1. Systems with and without memory:

  • Def: A system is said to be memoryless if its output for each value of the independent variable at a given time is dependent only on the input at that same time.
  • Proving: This is very simple and can be done by visual inspection alone. If there is any kind of phase shift, the systems depends on values other than the input at that current time and is NOT memoryless. Also, if the system is described by an accumulator or summer again it depends of values other than the input at the current time and is NOT memoryless. Note that in a system comprised of the linear combination of sub-systems if any one of the sub-systems is memoryless than the entire system is memoryless.

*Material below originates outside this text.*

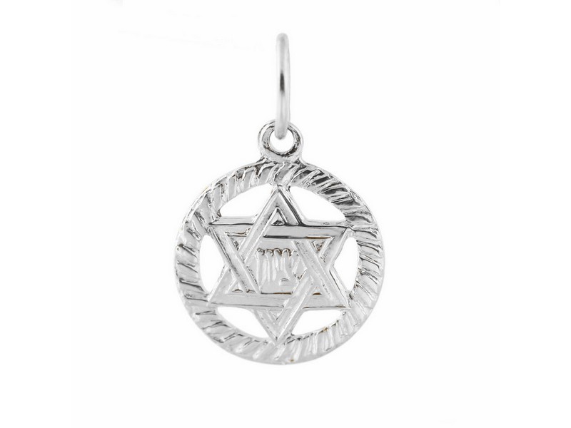 rope design, the star of David has a raised outline and a filled center. The word ‘Zion’ is embossed in the center.

2. Time Invariant Systems:

  • Def: A system is time invariant if a time shift in the input signal results in an identical time shift in the output signal.
  • Proving: In equation form, the system y(t) = x(t) is time invariant if y(t-to) = x(t-to). Plug in "t-to" for all "t's" in the system. Simplify. If the end result is just a time delay, then the system is time invariant. The easy way--if there are any "t's" outside the function x(t) [i.e. t*x(t)]? the system must NOT be time invariant.

3. Linear Systems:

  • Def: A system is linear if any output can be derived from the sum of the products of an output and constant and another output and constant. In equation form for y(t) = x(t) with outputs y1, y2, and y3: $ y_3(t) = a\cdot y_1(t) + b\cdot y_2(t) $
  • Proving: Use the equation above to prove. Example 1.17 in the text shows a nice overview. Basically, consider two arbitrary inputs and their respective outputs. A third input is considered to be a linear combination of the first two inputs. Write the output and substitute the third input for the linear combination. Separate the a and b variables. If you can arrange the equation so that the output of the third input is the linear combination of the first two outputs, then the system is linear.

4. Causal Systems:

  • Def: A system is causal if the output at any time depends only on the values of the input at the present time and in the past.
  • Proving: Consider each component of the system separately. If there is no time delay, the systems depends only on the present time and is causal. If there is a time delay, determine whether it is in past or future time. If it is past time, then the system is causal. When the systems is rotated over the y-axis [i.e. x(-t)]? then if is possible for some values of t that the system is in past time and for others in future. Determine these values. The system is causal for the values of past time as well as for the value of present time and else is NOT causal.

5. Stable Systems:

  • Def: A system is stable if a bounded input function yields a bounded output function.
  • Proving: Consider y(t) = x(t). If the input function is bounded then $ |x(t)| < \epsilon $. Consider the end behavior of all combinations of minimum and maximum values for x(t). If it is bounded, then y(t) IS stable. (Look at Example 1.13 in the text for further instruction).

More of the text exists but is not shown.